## Material to process
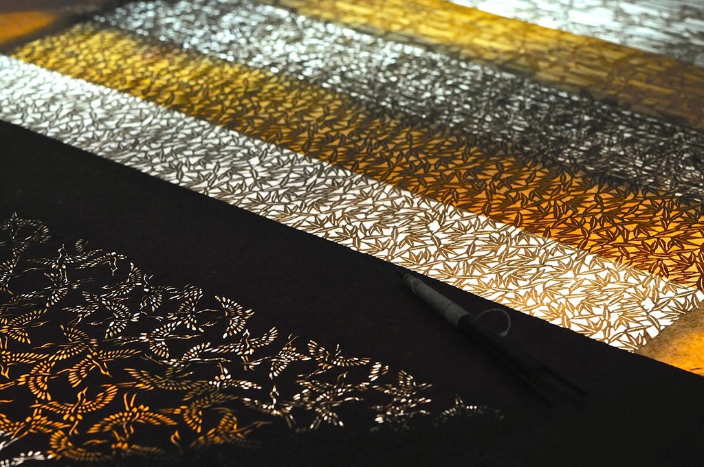 Nishimura Yuzen Chokoku engraves paper patterns to make various traditional Japanese clothing and accessories. Depending on the method of dyeing or the usage of the clothing, sometimes it is necessary to make a few to several to hundreds of paper patterns for clothing. All the products are made with those patterns with care.
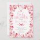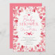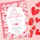 Querido Chá de fraldas Convite com um quadro cardíaco cor-de-rosa e vermelho, colocado sobre um Sacudir branco de fundo nosso doce convite para ver uma coordenação de volta.
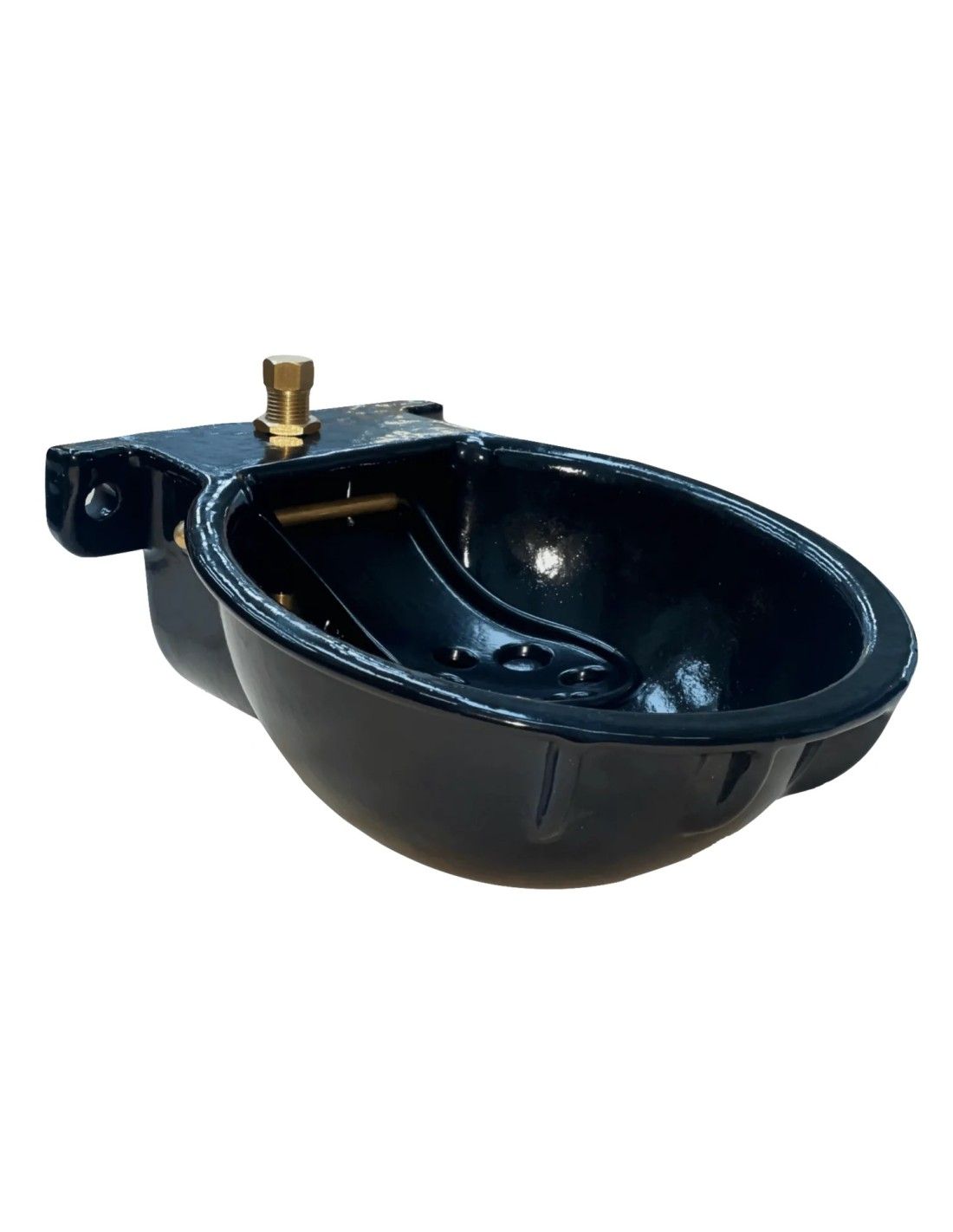 Abbeveratoio in ghisa smaltata completo di staffa per applicazione a tubo o montante a paletta ricambio FAR 13+FAR 8 per bovini ed equini a stabulazione fissa, di facile manutenzione.
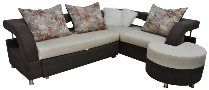 гловой диван Миллениум с приставным пуфом обладает оригинальным дизайном и хорошими техническими характеристиками, чем и привлекает к себе внимание. Кроме интересного внешнего вида, угловой диван обладает вместительной нишей для белья и раскладным механизмом - дельфин. Также Миллениум имеет ортопедические матрасы с пружинным блоком и спальное место на ламелях. В комплект входят приставной пуф (840х840мм), три обычных и две декоративных подушки.
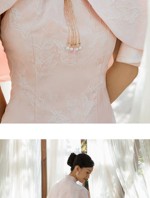 Pink Cheongsam | New Chinese Style Shawl Two-Piece Set | Engagement & Wedding Morning Robe
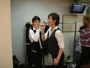 本番までの時間は、集中する人あり、小寺&和田のようにふざけあうメンバーあり。エレベーターホールのほうからは発声練習をするTAKAの声が聞こえる。
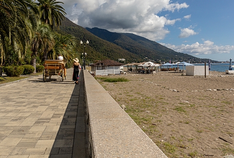 Поездом или самолетом – до г. Сочи (Адлер), далее на общественном транспорте или на такси до «Казачьего рынка» (8 км от ж/д вокзала, 15 км от аэропорта), затем пройти пешком около 500 м до пограничного поста на р. Псоу до границы России и Абхазии. После самостоятельного прохождения паспортного и таможенного контроля до места отдыха можно доехать на автобусе, маршрутном такси или воспользоваться услугами частных водителей.
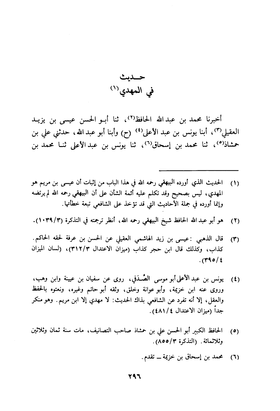 أَخْبَرَنَا مُحَمَّدُ بْنُ عَبْدِ اللَّهِ الْحَافِظُ ثنا أَبُو الْحَسَنِ عِيسَى بْنُ يَزِيدَ الْعُقَيْلِيُّ، أبنا يُونُسُ بْنُ عَبْدِ الْأَعْلَى، ح وأبنا أَبُو عَبْدِ اللَّهِ، حَدَّثَنِي عَلِيُّ بْنُ حَمْشَاذَ، ثنا مُحَمَّدُ بْنُ إِسْحَاقَ ثنا يُونُسُ بْنُ عَبْدِ الْأَعْلَى ثنا مُحَمَّدُ بْنُ -[297]- إِدْرِيسَ الشَّافِعِيُّ أبنا مُحَمَّدُ بْنُ خَالِدٍ الْجَنَدِيُّ عَنْ أَبَانَ بْنِ صَالِحٍ عَنِ الْحَسَنِ عَنْ أَنَسِ بْنِ مَالِكٍ، أَنَّ النَّبِيَّ صَلَّى اللهُ عَلَيْهِ وَسَلَّمَ قَالَ: §" لَا يَزْدَادُ الْأَمْرُ إِلَّا شِدَّةً وَلَا النَّاسُ إِلَّا شُحًّا، وَلَا الدُّنْيَا إِلَّا إِدْبَارًا، وَلَا تَقُومُ السَّاعَةُ إِلَّا عَلَى شِرَارِ النَّاسِ، وَلَا مَهْدِيٌّ إِلَّا -[298]- عِيسَى بْنُ مَرْيَمَ هَذَا الْحَدِيثُ بِهَذَا الْإِسْنَادِ مِمَّا أُنْكِرَ عَلَى الشَّافِعِيِّ، وَقَدْ أبنا أَبُو عَبْدِ اللَّهِ الْحُسَيْنُ بْنُ مُحَمَّدِ بْنِ الْحُسَيْنِ بْنِ فِنْجَوَيْهِ الدِّينَوَرِيُّ، ثنا طِغْرَانُ بْنُ الْحُسَيْنِ، حَدَّثَنِي مُحَمَّدُ بْنُ عَلِيِّ بْنِ إِسْحَاقَ الْمَرْوَزِيُّ بِقِرْمِيسِينَ، ثنا عُبَيْدُ اللَّهِ بْنُ مُحَمَّدِ بْنِ عِيسَى الْمَرْوَزِيُّ، سَمِعْتُ أَحْمَدَ بْنَ -[299]- سِنَانٍ يَقُولُ، كُنْتُ عِنْدَ يَحْيَى بْنِ مَعِينٍ جَالِسًا فِي مَسْجِدِهِ فَدَخَلَ عَلَيْهِ صَالِحٌ جَزْرَةُ، وَأَقْبَلَ عَلَيْهِ يُذَاكِرُهُ حَتَّى ذَكَرَ الْحَسَنَ عَنْ أَنَسٍ أَنَّ النَّبِيَّ صَلَّى اللهُ عَلَيْهِ وَسَلَّمَ قَالَ: «لَا مَهْدِيَّ إِلَّا عِيسَى» قَالَ: بَلَغَنِي عَنِ الشَّافِعِيِّ أَنَّهُ رَوَاهُ، وَالشَّافِعِيُّ عِنْدَنَا ثِقَةٌ قَالَ الشَّيْخُ: وَهَذَا الْحَدِيثُ إِنْ كَانَ مُنْكَرًا بِهَذَا الْإِسْنَادِ كَانَ الْحَمْلُ فِيهِ عَلَى مُحَمَّدِ بْنِ خَالِدٍ الْجَنَدِيِّ، فَإِنَّهُ شَيْخٌ مَجْهُولٌ لَمْ يُعْرَفْ بِمَا تَثْبُتُ بِهِ عَدَالَتُهُ، وَيُوجِبُ قَبُولَ خَبَرِهِ وَقَدْ رَوَاهُ غَيْرُ الشَّافِعِيِّ عَنْهُ، كَمَا رَوَاهُ الشَّافِعِيُّ، وَهُوَ فِيمَا أبنا أَبُو عَبْدِ اللَّهِ الْحَافِظُ، حَدَّثَنِي أَبُو أَحْمَدَ عَبْدُ الرَّحْمَنِ بْنُ عَبْدِ اللَّهِ بْنِ يَزْدَادَ الرَّازِيُّ الْمُزَكِّي بِبُخَارَا مِنْ كِتَابِهِ، ثنا أَبُو مُحَمَّدٍ عَبْدُ الرَّحْمَنِ بْنُ أَحْمَدَ بْنِ مُحَمَّدِ بْنِ -[300]- الْحَجَّاجِ بْنِ رِشْدِينَ بْنِ سَعْدٍ الْمَهْرِيُّ بِمِصْرَ، حَدَّثَنِي أَبُو سَعِيدٍ الْمُفَضَّلُ بْنُ مُحَمَّدٍ الْجَنَدِيُّ، ثنا صَامِتُ بْنُ مُعَاذٍ، ثنا يَحْيَى بْنُ السَّكَنِ، ثنا مُحَمَّدُ بْنُ خَالِدٍ الْجَنَدِيُّ، فَذَكَرَهُ بِإِسْنَادِهِ نَحْوَهُ وَبِإِسْنَادِهِ قَالَ، قَالَ صَامِتُ بْنُ مُعَاذٍ: عَدَلْتُ إِلَى الْجَنَدِ مَسِيرَةَ يَوْمَيْنِ مِنْ صَنْعَا، فَدَخَلْتُ عَلَى مُحَدِّثٍ لَهُمْ، فَطَلَبْتُ هَذَا الْحَدِيثَ فَوَجَدْتُهُ عِنْدَهُ عَنْ مُحَمَّدِ بْنِ خَالِدٍ الْجَنَدِيِّ، عَنْ أَبَانَ بْنِ أَبِي عَيَّاشٍ، عَنِ الْحَسَنِ، عَنِ النَّبِيِّ صَلَّى اللهُ عَلَيْهِ وَسَلَّمَ مِثْلَهُ، فَإِنْ كَانَتِ الرِّوَايَةُ عَنْ مُحَمَّدِ بْنِ خَالِدٍ صَحِيحَةً، وَقَدْ رَوَاهُ مَرَّةً أُخْرَى بِخِلَافِهَا كَانَ هَذَا تَخْلِيطًا مِنْ جِهَتِهِ بِرِوَايَتِهِ مَرَّةً هَكَذَا، وَمَرَّةً هَكَذَا، إِلَّا أَنَّ فِيَ صِحَّتِهَا عَنْهُ نَظَرٌ فَإِنَّهُ عَنْ مُحَدِّثٍ مَجْهُولٍ -[301]-. وَقَدْ رُوِي هَذَا الْحَدِيثُ دُونَ قَوْلِهِ: وَلَا مَهْدِيَّ إِلَّا عِيسَى بْنُ مَرْيَمَ، مِنْ أَوْجُهٍ: مِنْهَا مَا أبنا أَبُو جَعْفَرٍ كَامِلُ بْنُ أَحْمَدَ الْمُسْتَمْلِي، أَخْبَرَنِي أَبُو أَحْمَدَ الْحُسَيْنُ بْنُ عَلِيٍّ التَّمِيمِيُّ، مِنْ كِتَابِهِ، ثنا عَبْدُ اللَّهِ بْنُ مُحَمَّدِ بْ
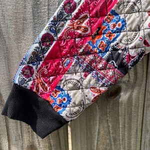 Cropped black sweatshirt with glorious bright, paisley, quilted sleeves. Crewneck.
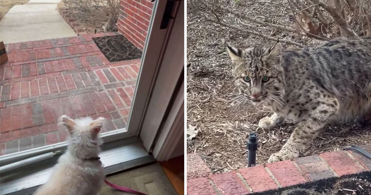 小嫩汪第一次「看到山貓」嚇得不敢動 原地「花半分鐘鼓起勇氣」挺身護主人:離我家遠一點!
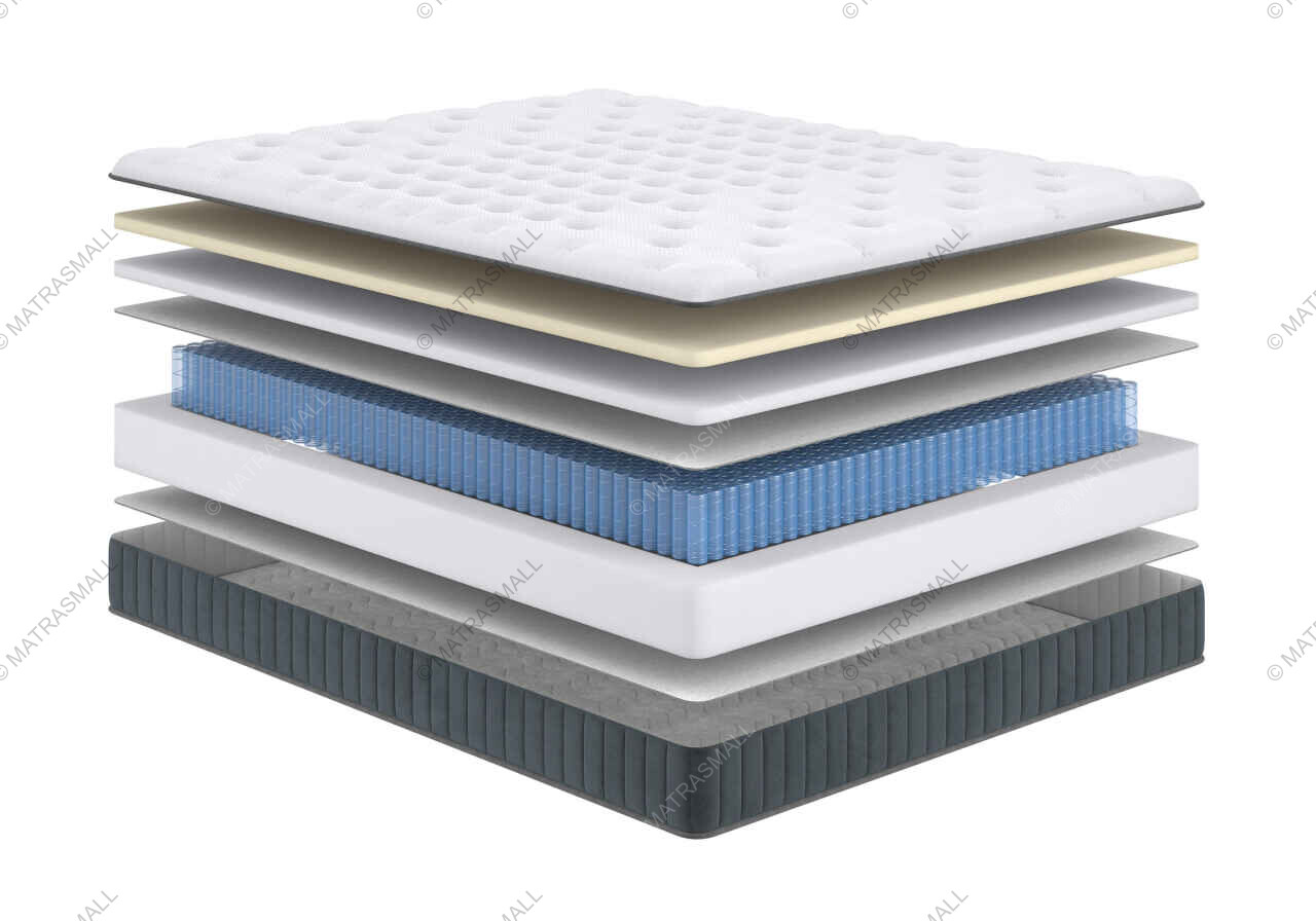 Пружинный блок MultiPocket. Использование большого количества пружин небольшого диаметра повышает точечную эластичность, то есть способность повторять форму тела, обеспечивают правильную поддержку позвоночника.

## Activity
Reproduce the listing above from the line that holds "Querido Chá de" through the line that holds "Pink Cheongsam |", both included, with the pictures left out.

## Written response
 Querido Chá de fraldas Convite com um quadro cardíaco cor-de-rosa e vermelho, colocado sobre um Sacudir branco de fundo nosso doce convite para ver uma coordenação de volta.
 Abbeveratoio in ghisa smaltata completo di staffa per applicazione a tubo o montante a paletta ricambio FAR 13+FAR 8 per bovini ed equini a stabulazione fissa, di facile manutenzione.
 гловой диван Миллениум с приставным пуфом обладает оригинальным дизайном и хорошими техническими характеристиками, чем и привлекает к себе внимание. Кроме интересного внешнего вида, угловой диван обладает вместительной нишей для белья и раскладным механизмом - дельфин. Также Миллениум имеет ортопедические матрасы с пружинным блоком и спальное место на ламелях. В комплект входят приставной пуф (840х840мм), три обычных и две декоративных подушки.
 Pink Cheongsam | New Chinese Style Shawl Two-Piece Set | Engagement & Wedding Morning Robe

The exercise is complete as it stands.